Experimentation has always been at the heart of Anjolie Ela Menon’s art. She is among the first Indian artists to do kitsch and experiment with computer/digital painting. She has done sculptures from Murano crystal, a type of Italian glass. She has also tried out painted objects, ‘the opposite of installation art’, even while dabbling in oils.

It’s noteworthy that an itinerant life has resulted in some truly interesting aesthetic and practical choices for the innovative artist. For example, she happened to come across masonite, sheets of pressed wood fiber sometimes employed as packing material, which made her works more convenient to lug around, too. She has worked with several such offbeat materials, leading to painted works on found ‘junk’ objects like castaway old wooden furniture, cupboards, suitcases and trunks.

Anjolie Ela Menon has worked on several ambitious public art projects, including the most recent one at Mumbai’s Chattrapati Shivaji International Airport, a true tribute to this versatile artist’s spirit to experiment. Summing it up, she has once stated: "I was instrumental in bringing art down from its high pedestal. Most people approach it with a sense of awe. I wanted to break that. I was a karma-yogi as far as experimentation went. I never simply thought of the fruits of my labor."

Art world headlines dominated by China and India

China and India were in news with The New York Times covering a major exhibition of Indian art that made ‘a rare stop’ in the country. Clare Pennington mentioned in an elaborate news report: “For the past half-century, China and India, the world’s most populous nations, have been uncomfortable neighbors.

There is no quick fix for these deep-seated problems, but there are murmurs of a widening dialogue between the two nations, at least on the cultural front. And as with the Buddhist scriptures millennia ago, paintings covered in bindis, sculptures crafted in the furniture markets of Mumbai and miniature cities bent from the metal of India’s scrap heaps have traveled east and moved into the Ullens Center for Contemporary Art, one of the most prominent contemporary art museums in China.”

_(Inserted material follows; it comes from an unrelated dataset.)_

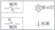 4. 在火车上发现车厢后面有两个厕所,只有当两个厕所的门都关上时,车厢指示灯才会发光,指示牌才会显示“厕所有人”字样。请你把图中各元件符号连接成符合上述设计要求的电路图。

A traveling exhibition, ‘Indian Highway’, was produced in conjunction with the Serpentine Gallery in London. It features 29 artists and 130 individual pieces. This is the largest show of art from India to ever make it to China, where any display of culture from India is rare. From 2006 to 2008, the Arario Gallery here and the Shanghai Museum of Contemporary Art each held a group exhibition of Indian artists.

Between those years Arario sold 30 Indian works valued at a total of $2.5 million to Chinese buyers, but interest from Chinese collectors then appeared to dissolve. Artists and museums hope that “Indian Highway” will rekindle the flame. Hans Ulrich Obrist and Julia Peyton-Jones, directors of the Serpentine Gallery in London, said the exhibition was not meant to showcase differences between the strengths of India and China. But perhaps that was inevitable in any dialogue about the two nations.   

In spite of the art world’s enthusiasm for such cultural exchanges, the exhibit provoked mixed reactions in the country. Relations between the world’s most populous autocracy and its largest democracy are marked by competitive anxieties. In parallel to an economic fight, a military arms race is also occurring. The media in respective nations weigh in quite vocally. Some in China were concerned by the fact that the Ullens founders, Guy and Myriam Ullens, were apparently shifting their interests to Indian from Chinese art.